What you need to do
What's needed is the listing below, repeated word for word with no pictures.

Data
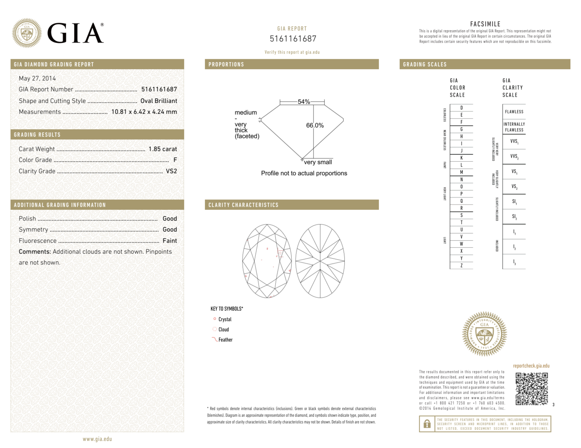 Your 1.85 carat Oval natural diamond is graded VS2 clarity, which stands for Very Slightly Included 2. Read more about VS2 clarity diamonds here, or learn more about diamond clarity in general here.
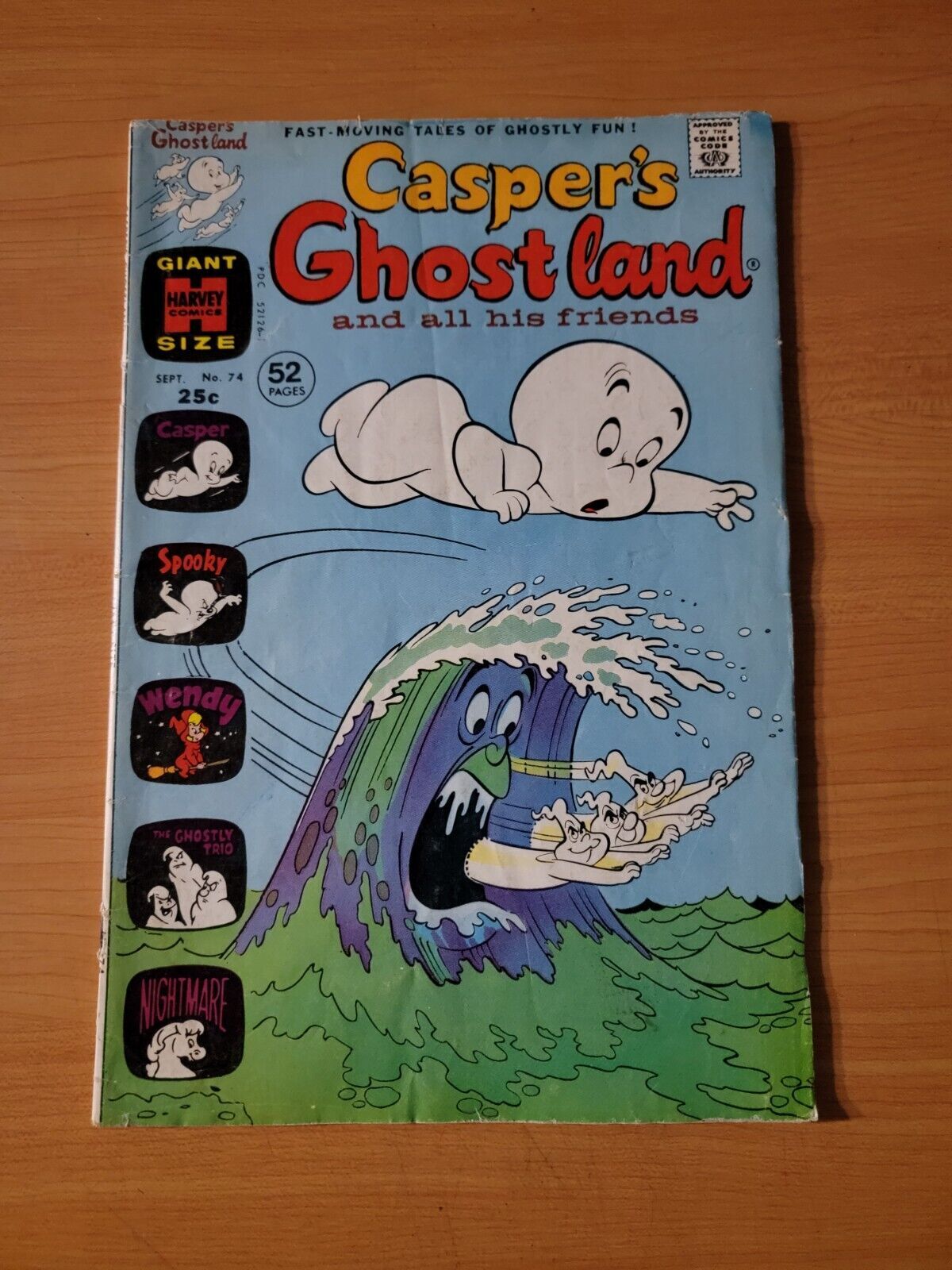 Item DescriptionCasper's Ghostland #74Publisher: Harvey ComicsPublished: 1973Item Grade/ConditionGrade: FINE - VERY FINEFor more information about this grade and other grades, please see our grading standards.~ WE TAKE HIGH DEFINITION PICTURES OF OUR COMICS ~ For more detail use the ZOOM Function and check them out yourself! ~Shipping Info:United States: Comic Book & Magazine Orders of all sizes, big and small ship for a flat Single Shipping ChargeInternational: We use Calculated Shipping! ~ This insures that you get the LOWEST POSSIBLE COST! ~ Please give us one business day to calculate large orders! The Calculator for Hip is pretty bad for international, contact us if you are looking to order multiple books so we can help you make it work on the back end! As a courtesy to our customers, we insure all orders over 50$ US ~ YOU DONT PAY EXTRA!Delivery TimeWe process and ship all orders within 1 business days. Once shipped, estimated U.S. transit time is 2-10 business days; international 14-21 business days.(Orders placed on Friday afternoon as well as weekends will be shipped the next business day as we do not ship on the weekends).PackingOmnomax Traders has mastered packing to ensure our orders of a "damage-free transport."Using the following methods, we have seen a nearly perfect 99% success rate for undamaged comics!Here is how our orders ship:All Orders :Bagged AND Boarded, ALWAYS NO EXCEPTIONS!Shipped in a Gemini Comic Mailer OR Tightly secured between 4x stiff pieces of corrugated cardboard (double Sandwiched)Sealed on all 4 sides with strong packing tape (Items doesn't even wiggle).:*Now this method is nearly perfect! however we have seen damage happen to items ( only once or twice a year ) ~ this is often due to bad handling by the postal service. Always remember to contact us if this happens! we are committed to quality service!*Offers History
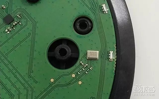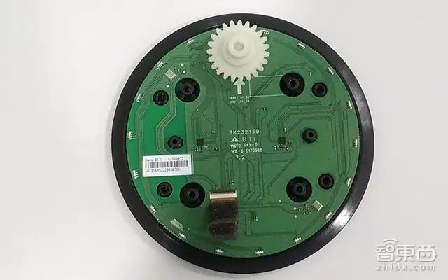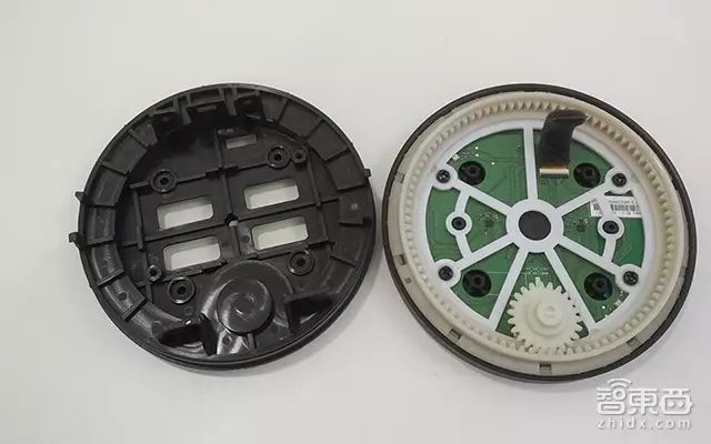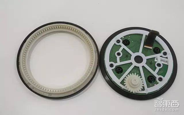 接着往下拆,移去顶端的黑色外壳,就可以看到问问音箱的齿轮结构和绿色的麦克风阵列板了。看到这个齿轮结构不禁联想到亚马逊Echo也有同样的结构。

Answer section
 Your 1.85 carat Oval natural diamond is graded VS2 clarity, which stands for Very Slightly Included 2. Read more about VS2 clarity diamonds here, or learn more about diamond clarity in general here.
 Item DescriptionCasper's Ghostland #74Publisher: Harvey ComicsPublished: 1973Item Grade/ConditionGrade: FINE - VERY FINEFor more information about this grade and other grades, please see our grading standards.~ WE TAKE HIGH DEFINITION PICTURES OF OUR COMICS ~ For more detail use the ZOOM Function and check them out yourself! ~Shipping Info:United States: Comic Book & Magazine Orders of all sizes, big and small ship for a flat Single Shipping ChargeInternational: We use Calculated Shipping! ~ This insures that you get the LOWEST POSSIBLE COST! ~ Please give us one business day to calculate large orders! The Calculator for Hip is pretty bad for international, contact us if you are looking to order multiple books so we can help you make it work on the back end! As a courtesy to our customers, we insure all orders over 50$ US ~ YOU DONT PAY EXTRA!Delivery TimeWe process and ship all orders within 1 business days. Once shipped, estimated U.S. transit time is 2-10 business days; international 14-21 business days.(Orders placed on Friday afternoon as well as weekends will be shipped the next business day as we do not ship on the weekends).PackingOmnomax Traders has mastered packing to ensure our orders of a "damage-free transport."Using the following methods, we have seen a nearly perfect 99% success rate for undamaged comics!Here is how our orders ship:All Orders :Bagged AND Boarded, ALWAYS NO EXCEPTIONS!Shipped in a Gemini Comic Mailer OR Tightly secured between 4x stiff pieces of corrugated cardboard (double Sandwiched)Sealed on all 4 sides with strong packing tape (Items doesn't even wiggle).:*Now this method is nearly perfect! however we have seen damage happen to items ( only once or twice a year ) ~ this is often due to bad handling by the postal service. Always remember to contact us if this happens! we are committed to quality service!*Offers History
 接着往下拆,移去顶端的黑色外壳,就可以看到问问音箱的齿轮结构和绿色的麦克风阵列板了。看到这个齿轮结构不禁联想到亚马逊Echo也有同样的结构。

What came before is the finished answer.